Great. Great. Thanks, Bernd. So I just want to repeat those 4 key takeaway, what we want to leave for you today. So market condition, the related COVID-19, the lockdown had an impact in the slower the demand into some of those countries. However, there are some other countries, the same time, can see the nice growth as the demand. We have a solid start on this year, EBIT EUR 5.4 million; credit loss, very well under control. We have a strong execution related to our key objectives. We have launched our new group structure related with the Multitude and the SweepBank and the Ferratum and CapitalBox related to brand structure. And I think I still want to leave here the 1 extra takeaway. What is really important that I really want to thank and use this opportunity to thank those 113 Ferratum people who had a participation or matching share program, and they have put their own personal money and investment for the company buying the Ferratum shares there. And I really see this as like a strong commitment and what our people can see the position where we are today.Great. So that's it. That's the more or less in the how the Q1 was look, and I think we are ready to take a question.

Operator

[Operator Instructions] We've got no questions from the audio lines at the moment. So I'll hand back over to our speakers.

J
Jorma Jokela
Founder, Deputy Chairman & CEO

Great.

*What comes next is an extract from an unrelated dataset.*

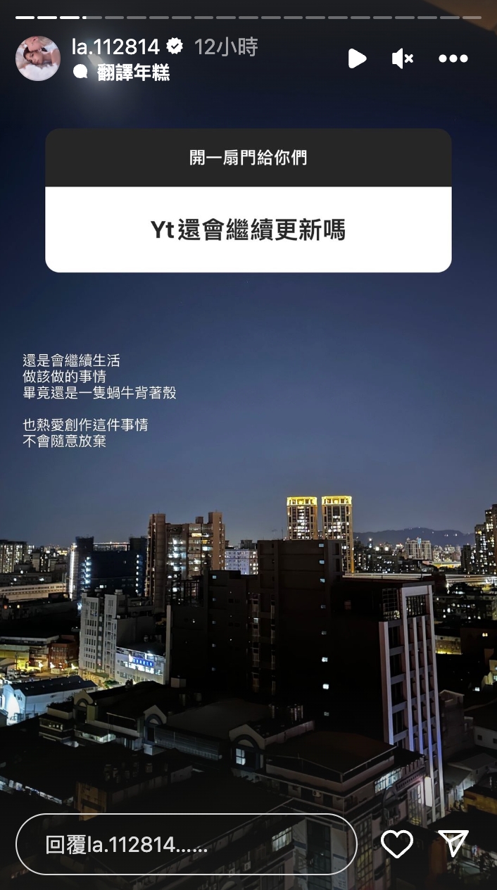 蕾菈21日在IG限時動態曬出跟湯宇在外面散步的照片,雖然光線昏暗,看不清楚兩人的表情,但可以看見她靠在老公的肩上並對著鏡子拍照,她在內文中表示:「多了很多時間談戀愛。」接著又開放問答跟網友互動,她分享最近幾乎都待在家,「沈澱、思考、運動,還有把很多想做沒做的事情做完,陪小孩跟貓狗。」為了生活,之後還是會繼續更新影片,除了身上有房貸之外,也是因為熱愛創作,所以不會隨意放棄,也透露還會再休息一陣子。

So then we can start with the Q&A, a question from the Q&A box. So the first question is a related -- it's coming from [ Stefan Hirshofer ]. Actually, he has a few questions here. The first question, when we can expect the financial guidance for 2021 revenue and EBIT? Bernd, do you want to comment that one?

B
Bernd Egger
Chief Financial Officer

Yes. Absolutely. In general, the plan is to give financial guidance as part of the Capital Markets Day. That's obviously not the only reason for doing the Capital Markets Day, but also to help everybody to understand the strategic core ambitions going forward and also the branding logic a little bit better. And as part of that, the intention is to give a financial guidance on the 8th of June in the Capital Markets Day.

J
Jorma Jokela
Founder, Deputy Chairman & CEO

Great. And then [ Stefan ] had the second question, can you please comment on the perspective of -- for share investors? Share price is declining significant and not dividend size 2 years. What about share repurchasing program with this lower -- low share price?I think it's -- maybe I can comment, but shortly, Bernd, if you don't mind, it's -- I think that's true that we don't have a -- we didn't -- last year and this year, we did not pay the dividends. And we had in the report, we have a talk about or exploring the opportunity as the share repurchasing program. We did not have done any final decision there, but let's use on the -- let's say, on the way that we have exploring the opportunity, and we keep this as one of the tool what we can see in our toolbox. And I think this matching share topic is some way to create opportunity for us as our key people, 113 people to involve the -- those as our future growth as well and the share price increasing. So that's the way what I can comment at today. Okay. Unless, Bernd, you want to...

B
Bernd Egger
Chief Financial Officer

Yes, maybe add 1 sentence or 2. I'm totally with you on the answer for that from the perspective of 2 years, obviously, the share price is not where it used to be 2 years ago. However, it's not a linear process. So in the second half of -- from the second half of 2019, so basically from end of Q3, Q4 to February 2020, so right before the crisis kicked in, if I do recall it correctly, essentially, the share price almost doubled from 7% to 14%. Obviously, I do not have -- I'm not in a position to give a clear reason why this is the case. But I think it could have well to do with the fact that during 2019, we've actually managed to embark on a very cost-sensitive way of managing the organization plus met the financial guidance at the end of 2019 that we have given, plus have started to make progress in the prime lending in Q1.So from that -- my reading from that was that if we deliver on our promises, then there is quite some potential. Obviously, then the last 14 months, I would assume there was an impact from the crisis as well. But yes, that's just one additional comment I would like to make to the share price.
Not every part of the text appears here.